- Supplied entries -
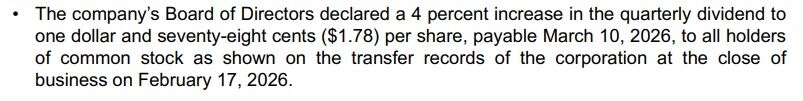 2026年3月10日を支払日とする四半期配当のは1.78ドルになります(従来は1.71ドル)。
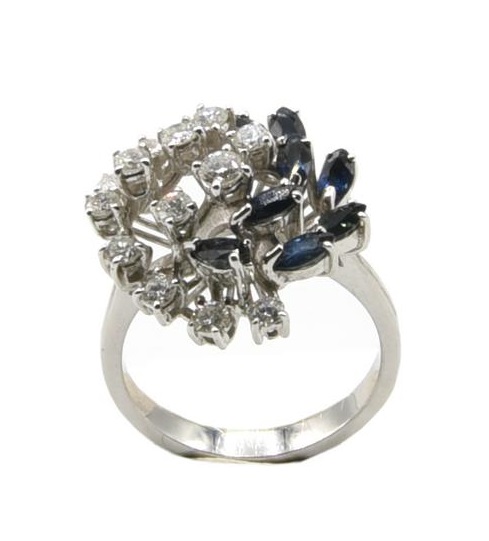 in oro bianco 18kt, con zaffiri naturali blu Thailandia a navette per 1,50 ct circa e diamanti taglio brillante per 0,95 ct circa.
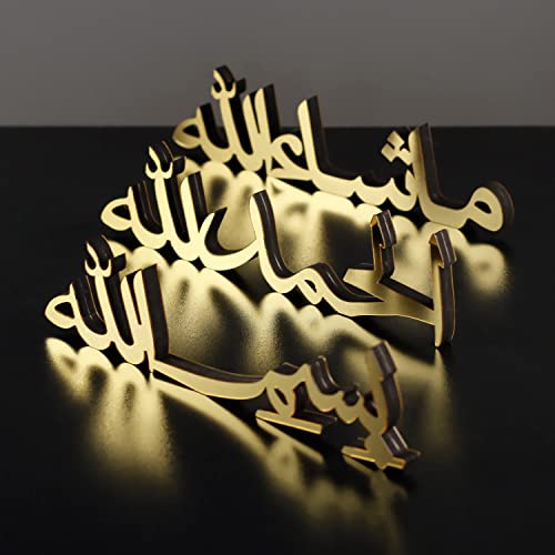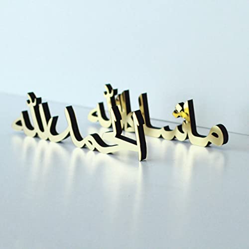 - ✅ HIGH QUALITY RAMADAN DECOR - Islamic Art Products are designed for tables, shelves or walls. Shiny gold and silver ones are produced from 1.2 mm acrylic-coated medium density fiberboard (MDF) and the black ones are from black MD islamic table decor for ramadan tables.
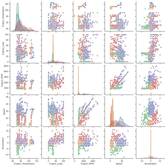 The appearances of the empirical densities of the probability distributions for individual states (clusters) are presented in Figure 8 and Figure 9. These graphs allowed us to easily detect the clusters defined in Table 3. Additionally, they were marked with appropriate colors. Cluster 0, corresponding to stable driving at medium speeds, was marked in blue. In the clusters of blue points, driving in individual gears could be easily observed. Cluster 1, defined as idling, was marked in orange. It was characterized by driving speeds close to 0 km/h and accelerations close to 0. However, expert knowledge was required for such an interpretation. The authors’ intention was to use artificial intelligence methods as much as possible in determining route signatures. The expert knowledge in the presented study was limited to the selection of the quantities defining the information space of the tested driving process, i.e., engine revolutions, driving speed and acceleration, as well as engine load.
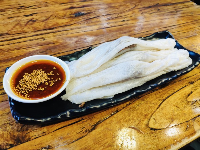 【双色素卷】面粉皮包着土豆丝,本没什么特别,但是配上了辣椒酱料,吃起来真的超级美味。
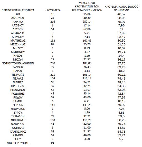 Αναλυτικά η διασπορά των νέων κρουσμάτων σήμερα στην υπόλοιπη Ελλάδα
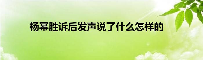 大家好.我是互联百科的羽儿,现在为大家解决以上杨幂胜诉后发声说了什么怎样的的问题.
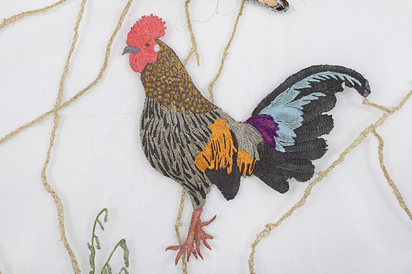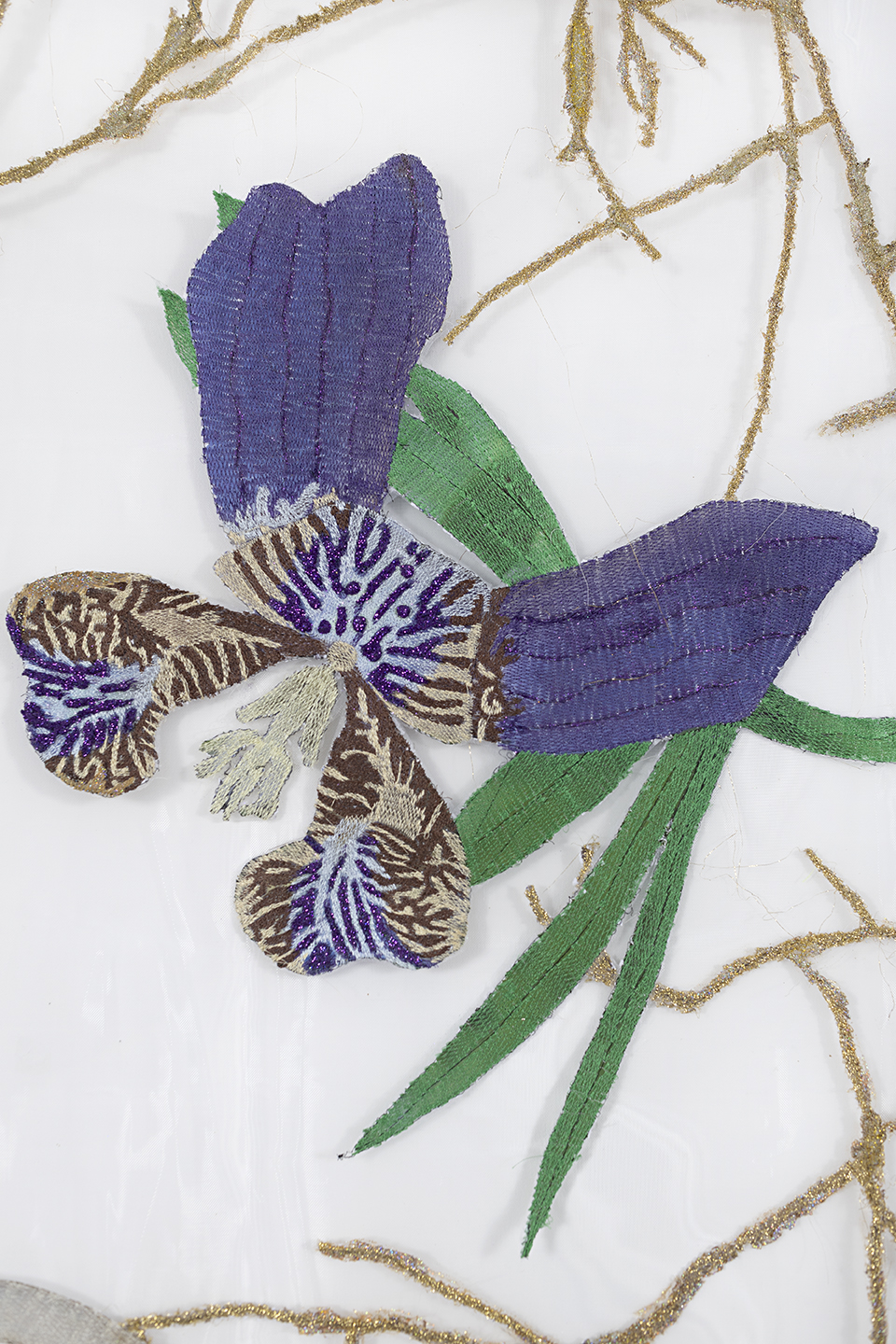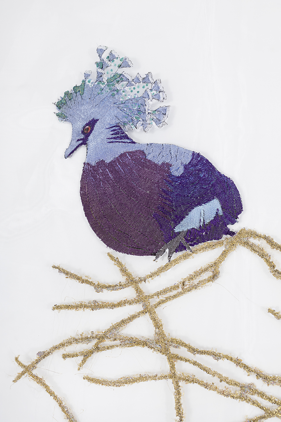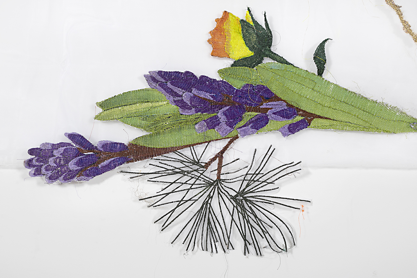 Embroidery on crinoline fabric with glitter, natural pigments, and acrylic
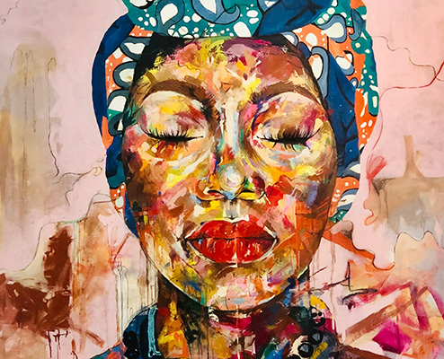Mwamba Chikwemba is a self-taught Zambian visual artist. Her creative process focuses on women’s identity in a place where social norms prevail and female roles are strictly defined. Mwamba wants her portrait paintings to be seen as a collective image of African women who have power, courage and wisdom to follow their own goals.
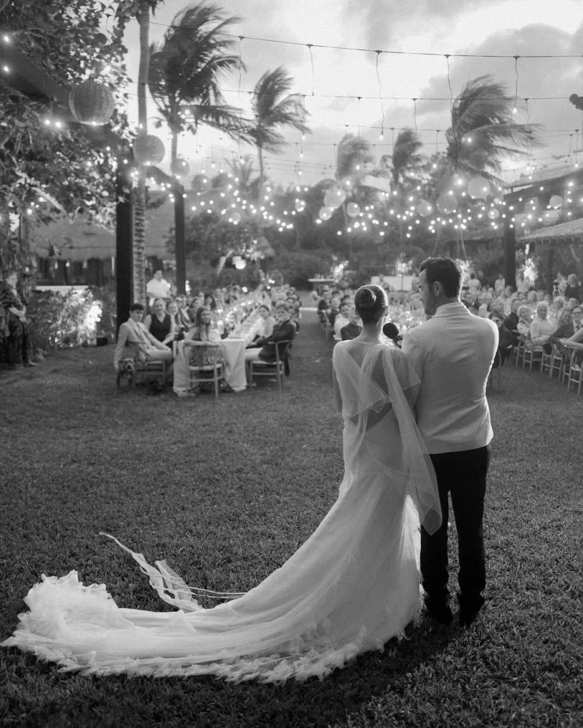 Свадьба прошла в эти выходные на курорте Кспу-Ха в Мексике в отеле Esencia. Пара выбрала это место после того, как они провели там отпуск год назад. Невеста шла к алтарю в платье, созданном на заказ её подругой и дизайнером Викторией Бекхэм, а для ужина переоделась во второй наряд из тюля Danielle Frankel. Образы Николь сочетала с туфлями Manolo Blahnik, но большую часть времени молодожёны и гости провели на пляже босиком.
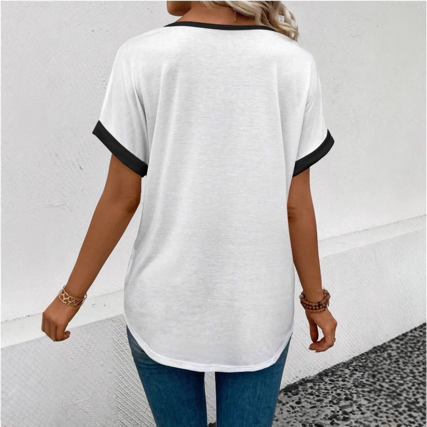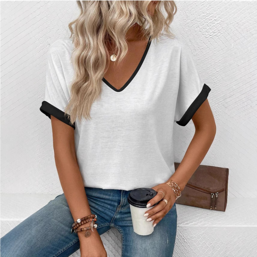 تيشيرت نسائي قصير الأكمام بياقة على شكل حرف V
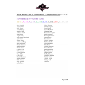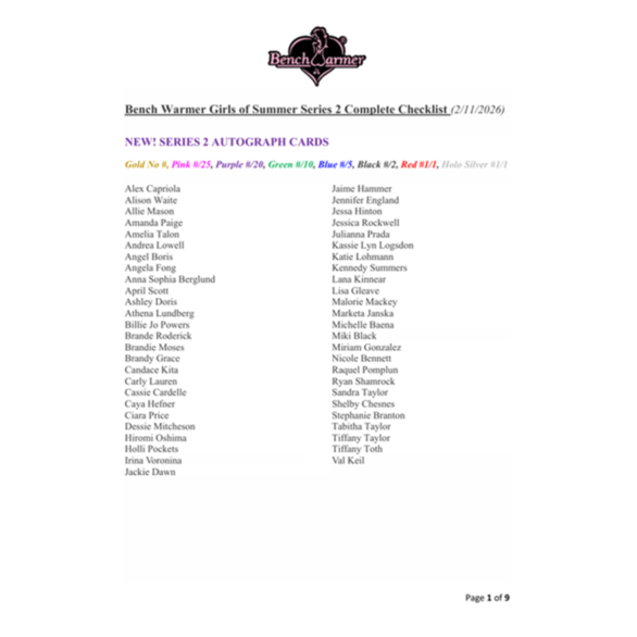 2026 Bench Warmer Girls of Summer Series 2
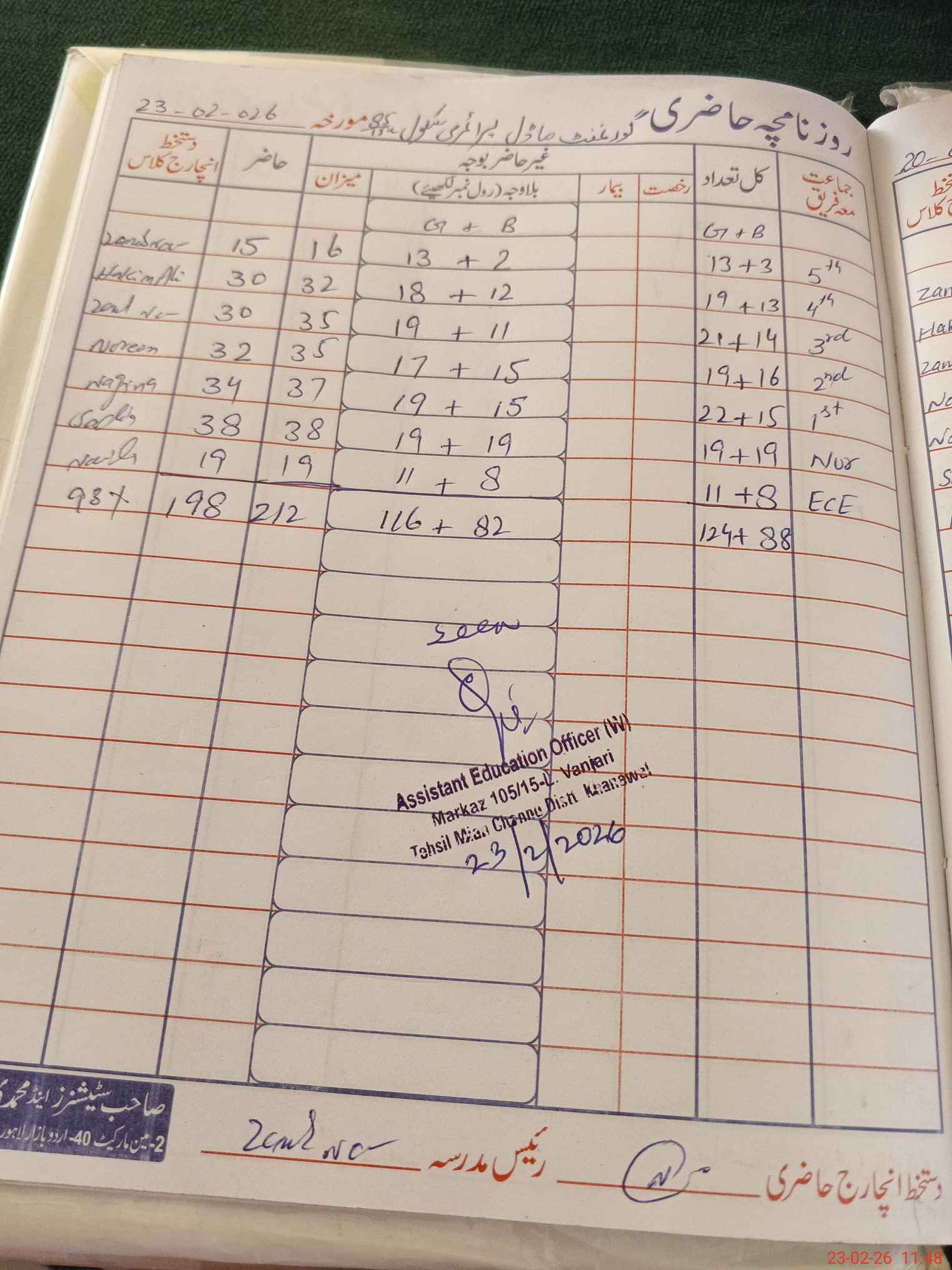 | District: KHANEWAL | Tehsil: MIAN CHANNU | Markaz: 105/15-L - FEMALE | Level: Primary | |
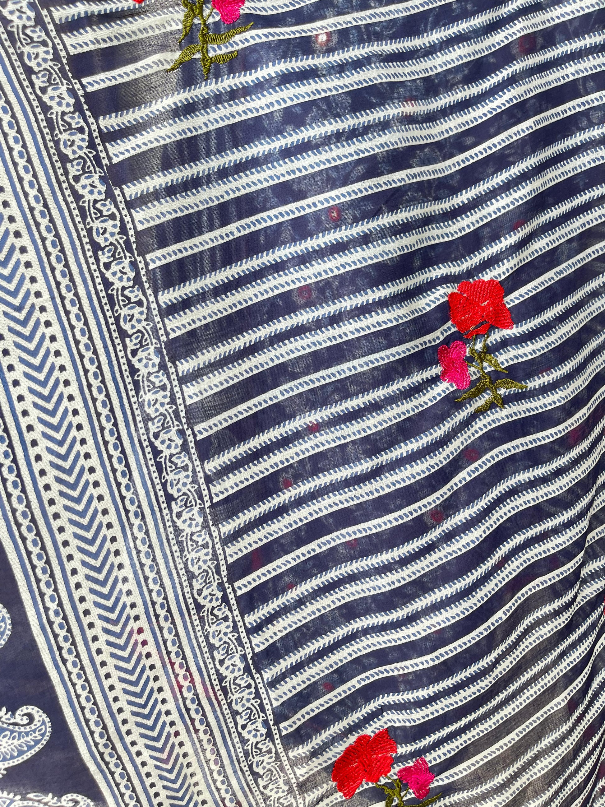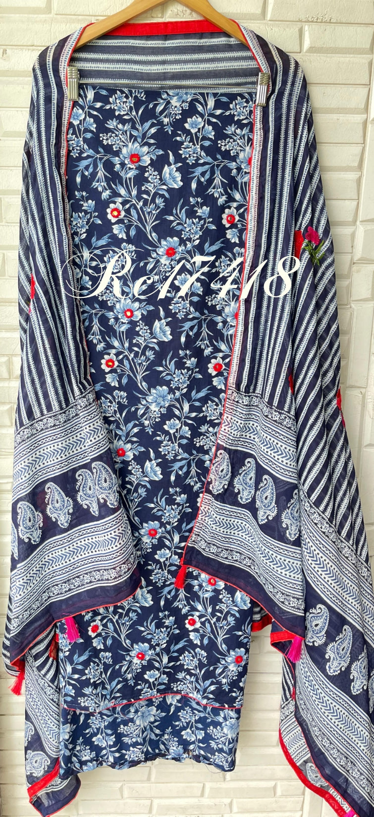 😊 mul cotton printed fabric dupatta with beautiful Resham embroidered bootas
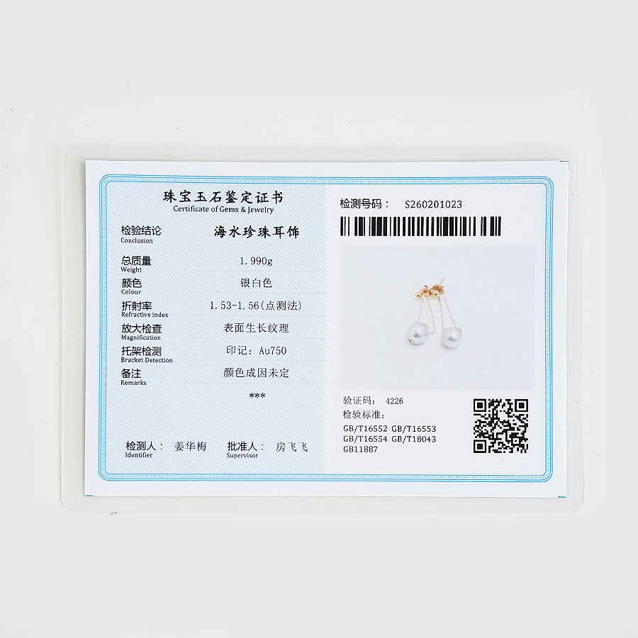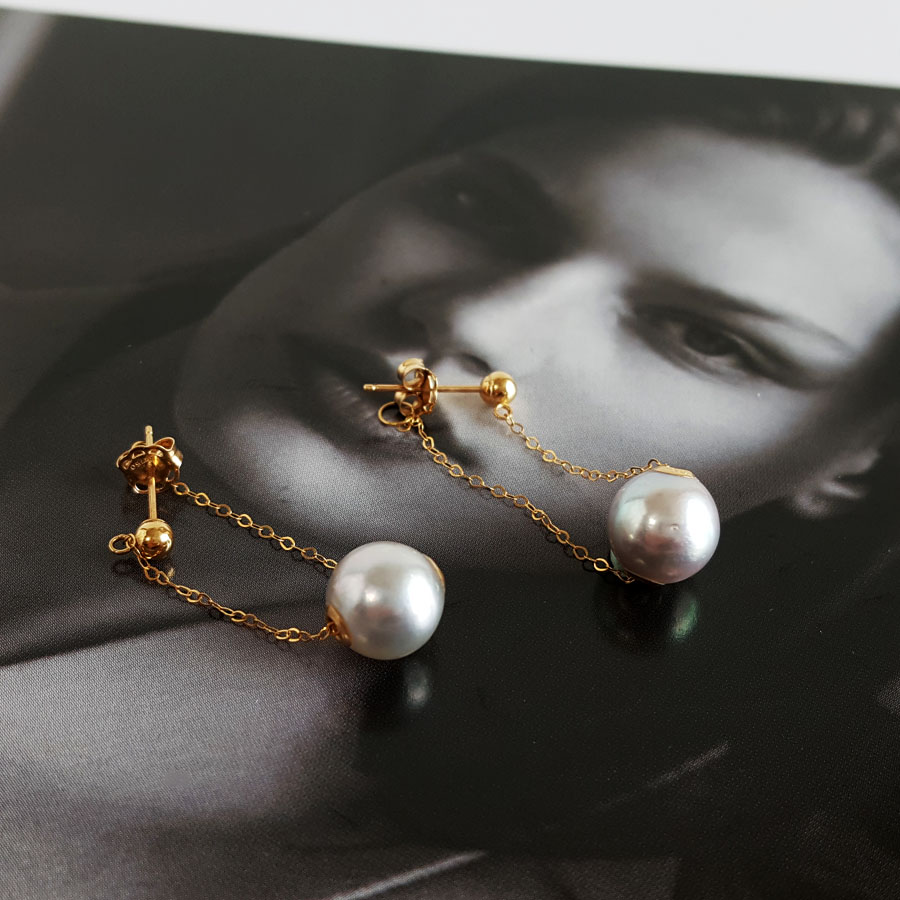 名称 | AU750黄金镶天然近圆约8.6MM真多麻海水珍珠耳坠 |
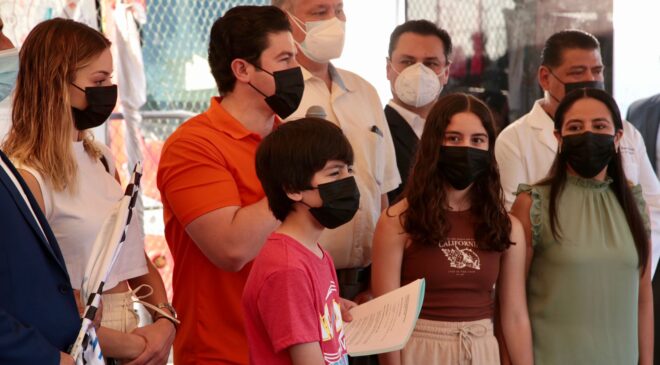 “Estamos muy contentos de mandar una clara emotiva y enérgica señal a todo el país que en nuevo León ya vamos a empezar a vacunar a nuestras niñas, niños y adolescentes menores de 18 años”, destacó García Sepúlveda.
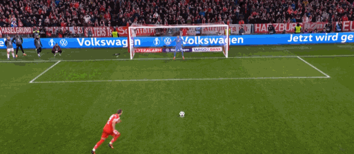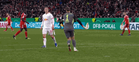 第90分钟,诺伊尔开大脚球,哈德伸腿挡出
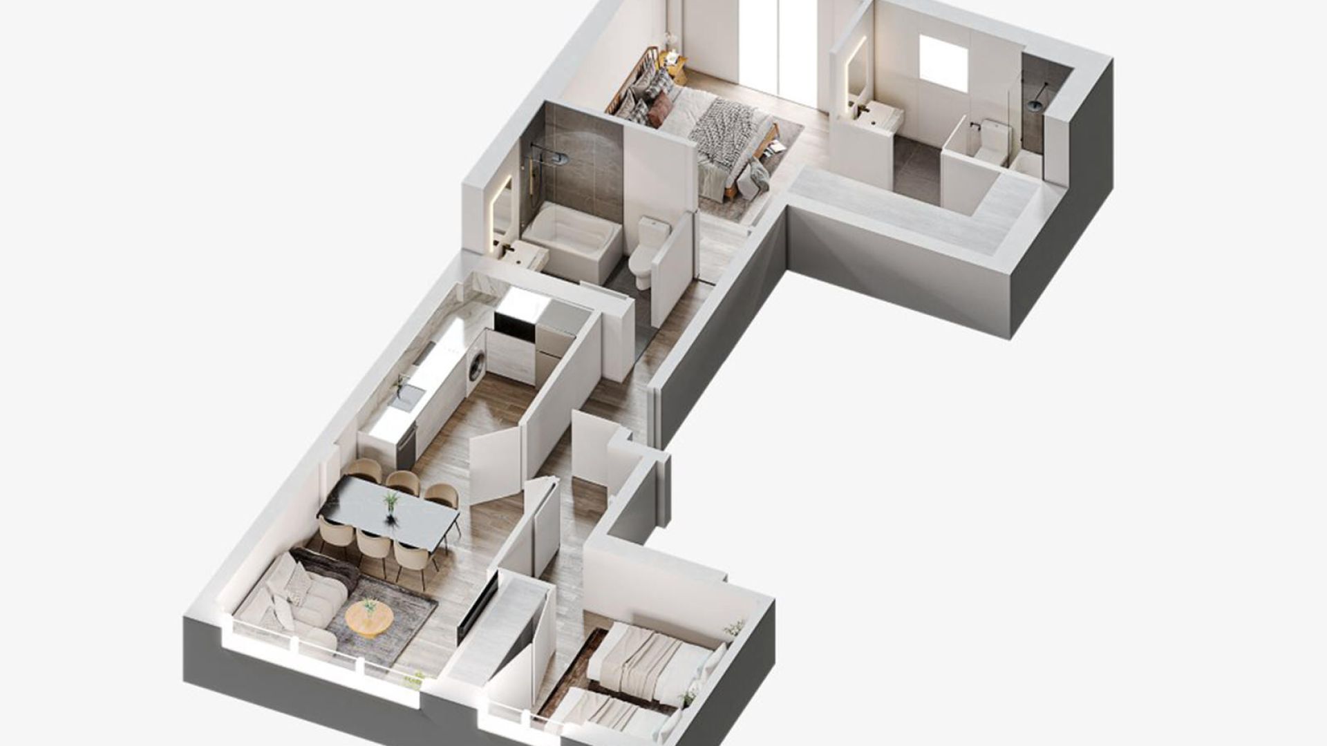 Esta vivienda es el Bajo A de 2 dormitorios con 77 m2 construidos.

- Try it -
From the records above, quote word for word only the lines beginning at the line that has "Αναλυτικά η διασπορά" and stopping after the line that has "Mwamba Chikwemba is". Omit the pictures.

- Finished task -
 Αναλυτικά η διασπορά των νέων κρουσμάτων σήμερα στην υπόλοιπη Ελλάδα
 大家好.我是互联百科的羽儿,现在为大家解决以上杨幂胜诉后发声说了什么怎样的的问题.
 Embroidery on crinoline fabric with glitter, natural pigments, and acrylic
Mwamba Chikwemba is a self-taught Zambian visual artist. Her creative process focuses on women’s identity in a place where social norms prevail and female roles are strictly defined. Mwamba wants her portrait paintings to be seen as a collective image of African women who have power, courage and wisdom to follow their own goals.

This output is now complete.